第48話 ウォーターベッド
姦しい11人組の処遇に関しては、サイフォンを信じることにした。殺処分も忍びないし、こいつらは国家の意思で戦争に参加していたのであって、別に犯罪者ではないのだ。そもそも、こいつらは俺がネオカーンに乱入した所にたまたま居合わせただけで、別に個人的な恨みがあるわけでもない。

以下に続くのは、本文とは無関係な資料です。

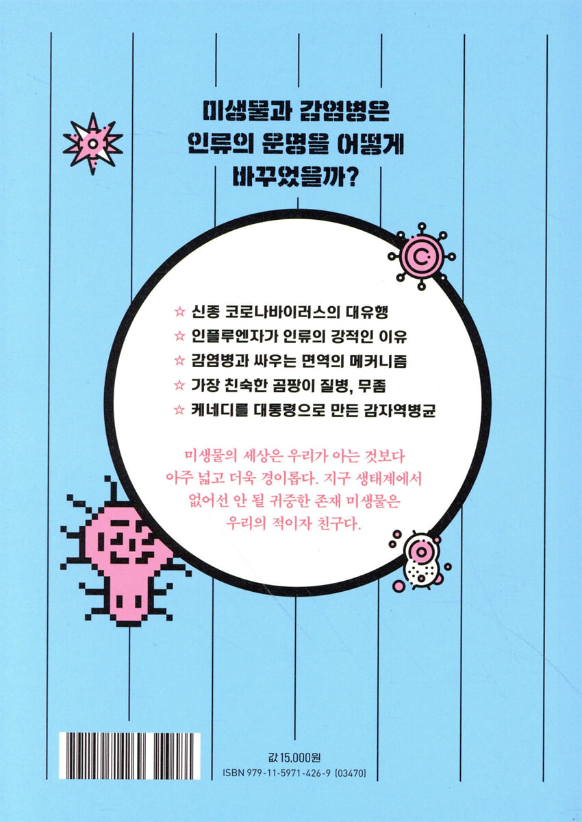 --- 「시작하며」중에서 (…) 1928년, 플레밍은 포도상구균을 배양하다가 부주의로 인해 배지에 푸른곰팡이가 생기게 했다. 그 배지를 관찰한 플레밍은 곰팡이 주위의 포도상구균이 녹아 있는 것을 발견했다. 푸른곰팡이즙에 포함된 물질은 푸른곰팡이의 속명 페니실륨(Penicillium)을 따서 ‘페니실린’이라는 이름이 붙었다. 이것이 인류 역사상 최초의 항생제다. --- 「03 항생제 덕분에 인류는 감염병을 이길 수 있게 되었다?」중에서 병원체와 싸운 면역세포는 다음에 같은 병원체가 침입할 것에 대비하며 우리 몸에서 잠들어 있다. 이것을 획득면역의 장기기억이라고 한다. 그런데 신종 코로나바이러스 감염 연구가 진행되면서 코로나에 확진되었다가 회복한 뒤에도 항체가 충분히 생성되지 않아 획득면역의 장기기억이 이루어지지 않는 경우가 있다는 것이 밝혀졌다. 몇몇 바이러스는 면역세포를 감염시켜 면역의 기억 작용을 방해하는 것으로 보인다. 그러면 불행히도 같은 바이러스에 여러 번 감염될 수 있다. --- 「04 우리가 감기에 걸리는 이유」중에서 1917년 존 F. 케네디가 태어났다. 그는 어머니에게 엄격한 교육을 받으며 자랐고 1961년 미합중국의 대통령이 되었다. 감자역병균이 일으킨 ‘의문의 병’이 없었다면 케네디가는 미국으로 이주하지 않고 지금까지 아일랜드에서 살고 있을지도 모른다. 이렇게 미생물은 때로 인생을 바꿀 만큼 큰 영향력을 발휘하기도 한다. --- 「07 케네디를 대통령으로 만든 감자역병균」중에서 우두는 천연두보다 훨씬 안전한 질병이었기 때문에 제너는 우두가 천연두 예방에 적용될 수 있는지에 대해 연구를 계속했다. 1796년 5월 14일 제너는 마침내 그의 집 하인의 아들인 8세 소년에게 우두 고름을 접종했다. 소년은 미열과 불편함을 호소했지만 심각한 증상은 보이지 않았다. 6주 후 제너는 그 소년에게 천연두 고름을 접종했다. 제너가 예측했듯이 그 소년은 천연두에 걸리지 않았다. --- 「19 역사상 가장 두려운 질병 - 천연두」중에서 (…) 바이러스에는 항상 해로운 이미지가 따라다녔다. 하지만 근래 들어 바이러스 중 상당수는 병원성이 없을 뿐 아니라 생물의 진화에 크게 기여했다는 사실이 서서히 밝혀지고 있다. (…) 바이러스에는 자신의 유전자를 숙주세포의 유전자에 집어넣는 성질을 가진 것이 있다. 인간의 유전정보를 해석한 결과, 놀랍게도 그중 절반 이상이 바이러스에서 유래했을 가능성이 있다는 것이 알려진 것이다. --- 「32 바이러스는 무엇일까?」중에서 |

それに、このサイフォンという女性、少しギャグっぽい所はあるが、カリスマ性がありそうな気がするのだ。俺が彼女にマスターキーを振るおうとした時、他のメンバーが自然に体を壁にしてきた。サイフォンを助けるために。そんなこと、咄嗟に出来るなんて凄い。その点で、俺はサイフォンというか、サイフォン一味に少し一目置いていた。
ここは、サイフォンという人物を信じることにする。
もちろん、他組織、特に貴族連中にも事情を説明し、意外にもすんなり理解を得て、ウン○水漬けの11人を開放することにした。
一気にぶちまけると辺りが臭くなるので、人だけ取り出し、ウン○水の壁はとりあえず放置することにした。
・・・・
一人づつ、俺が手を握り、ずるんとウン○水壁から引き抜く。まるで、○ンコのように……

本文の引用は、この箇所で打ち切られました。